Real-time e-commerce API: 90% latency reduction, 3x throughput increase.
This project involved developing a new API backend to power real-time data delivery for a rapidly growing e-commerce platform. The existing system struggled to keep up with the increasing user traffic and data demands, leading to noticeable latency and occasional outages during peak periods. My goal was to create a robust, scalable, and lightning-fast API that could handle millions of requests per day with sub-100ms response times.
I opted for a serverless architecture leveraging Cloudflare's edge computing capabilities. Cloudflare Workers provided the ideal environment for running API logic directly at the edge, close to our users. For the database, I chose Cloudflare D1, a serverless SQL database, which integrates seamlessly with Workers and offers excellent performance for transactional workloads. This combination allowed us to avoid the complexities of managing traditional database infrastructure and scale automatically. I implemented a RESTful API design with clear endpoints for product listings, inventory checks, and order status updates. Data was fetched and aggregated efficiently within the Workers, minimizing round trips and optimizing response times.

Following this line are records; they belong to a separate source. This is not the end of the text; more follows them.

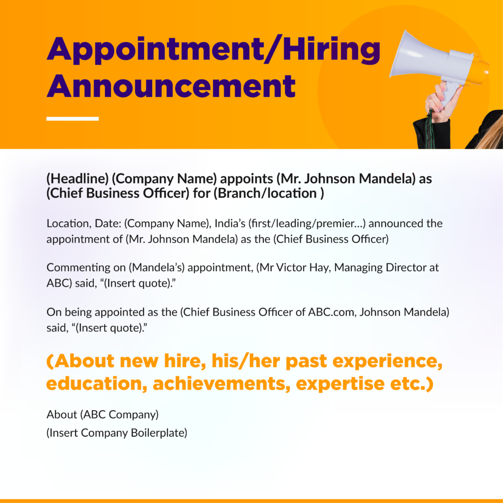 7. New appointment press release template
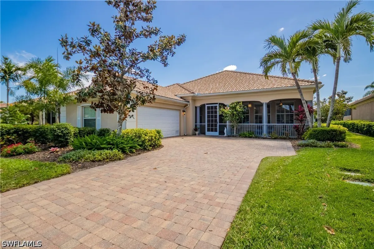 Experience Florida living at its finest in this impeccably maintained, renovated (2021) Carlyle model by DiVosta. Nestled on a quiet cul-de-sac in Del Webb’s Bellera Walk, this 4-bedroom, 4-bathroom home offers 2,487 sq. ft. of sophisticated, light-filled space. HOME HIGHLIGHTS: OUTDOOR OASIS:Enjoy a unique screened front porch or retreat to the private back lanai, featuring a heated pool/spa, privacy wall, and serene water views; REFINED INTERIOR: Features crown molding, plantation shutters, and real hardwood floors in all bedrooms. The open great room seamlessly blends indoor and outdoor living; RENOVATED KITCHEN: Updated with new KitchenAid appliances, quartz countertops, and a designer glass backsplash; PRIMARY SUITE: A true retreat with a walk-in closet and a newly renovated bathroom featuring a glass-enclosed shower and soaking tub; AND COMMUNITY LIFESTYLE: Located in Ave Maria, residents of Del Webb enjoy low HOA fees and world-class amenities including a community restaurant/bar, resort and lap pools, pickleball, and a fitness center with steam room and sauna. Optional golf memberships are available at the premier Panther Run Golf Club and Ave Maria Town and Ave Maria University are just a golf cart ride away. This rare lot and move-in-ready floor plan represent one of the best values in SW Florida!
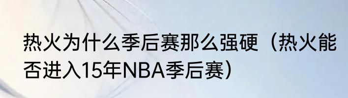 热火为什么季后赛那么强硬(热火能否进入15年NBA季后赛)

The new API backend resulted in a dramatic improvement in performance. We observed a 90% reduction in average API response times, dropping from over 500ms to under 50ms. This directly translated to a 3x increase in API throughput, enabling the platform to handle 3 million daily requests without performance degradation. Furthermore, the serverless nature of Workers and D1 led to an estimated 40% reduction in infrastructure costs compared to the previous managed hosting solution. The improved speed and reliability also positively impacted user experience, leading to a 15% decrease in cart abandonment rates during peak traffic.

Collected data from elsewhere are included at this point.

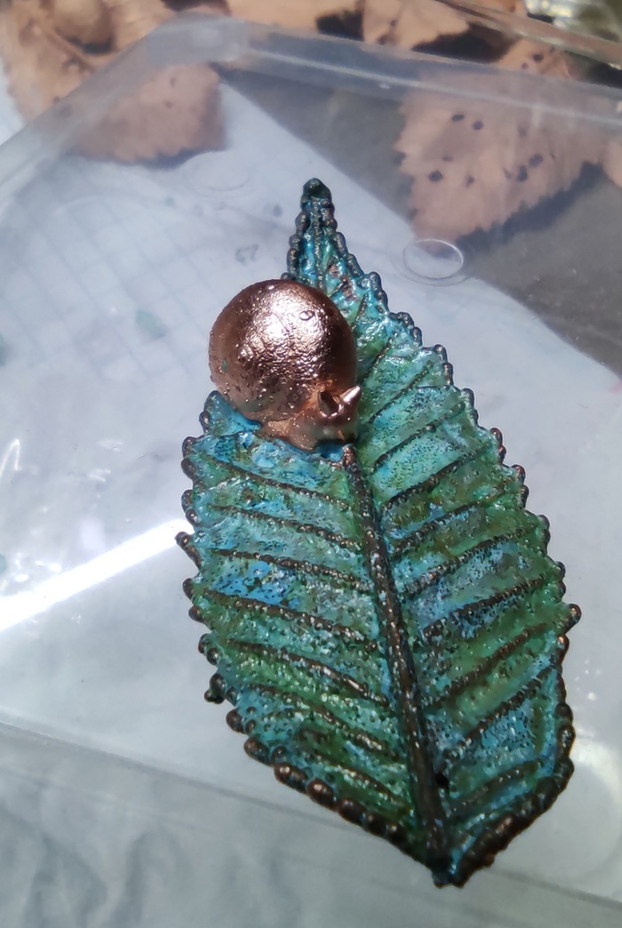 В один из осенних дней в магазине ручной работы я увидел металлические медные предметы. Это был лист смородины с бусинами, желудь, физалис, лист клена.
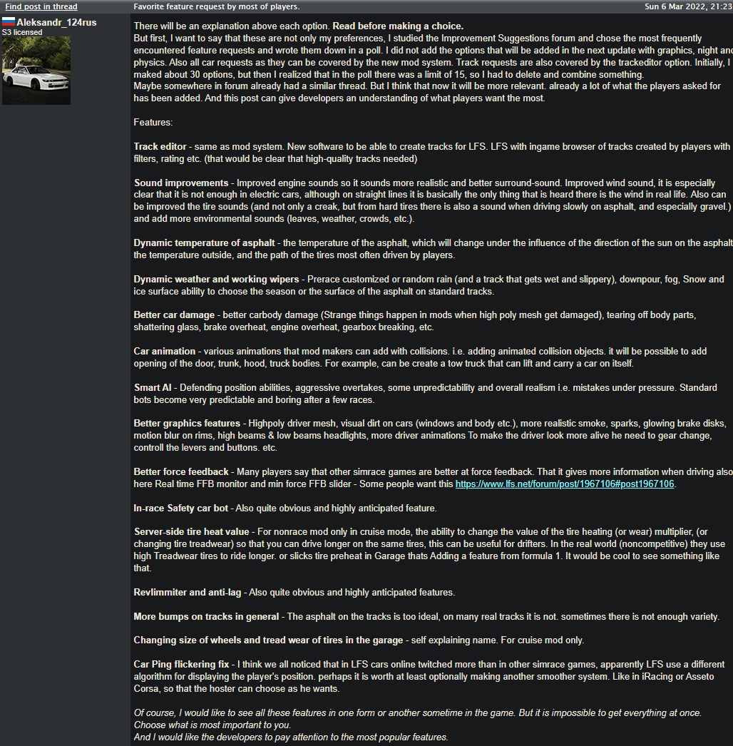 But first, I want to say that these are not only my preferences, I studied the Improvement Suggestions forum and chose the most frequently encountered feature requests and wrote them down in a poll. I did not add the options that will be added in the next update with graphics, night and physics. Also all car requests as they can be covered by the new mod system. Track requests are also covered by the trackeditor option.
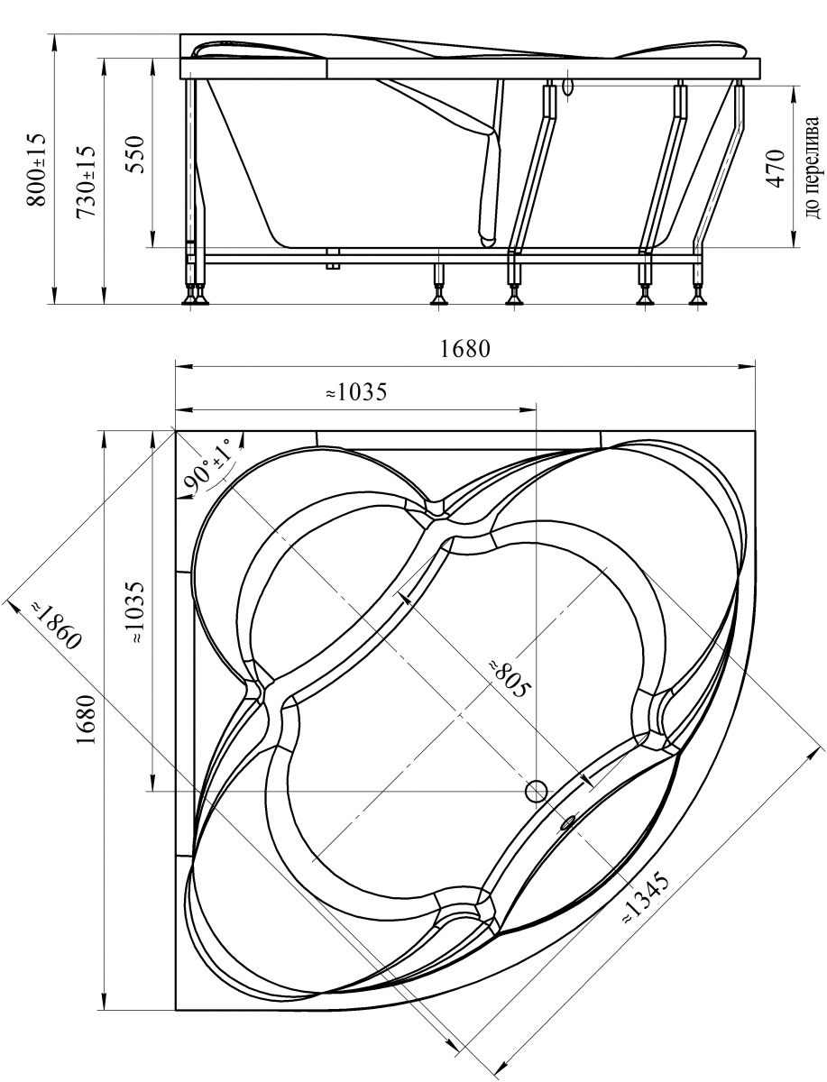 Габариты 168 x 168 x 80 cm

The existing e-commerce platform's API backend couldn't scale to meet user demand, causing significant latency issues and impacting user experience during peak traffic. This led to lost sales and frustrated customers.
I architected and implemented a serverless, edge-computing solution using Cloudflare Workers for the API logic and Cloudflare D1 for the SQL database. This approach minimized latency by serving requests from the edge and provided automatic scalability.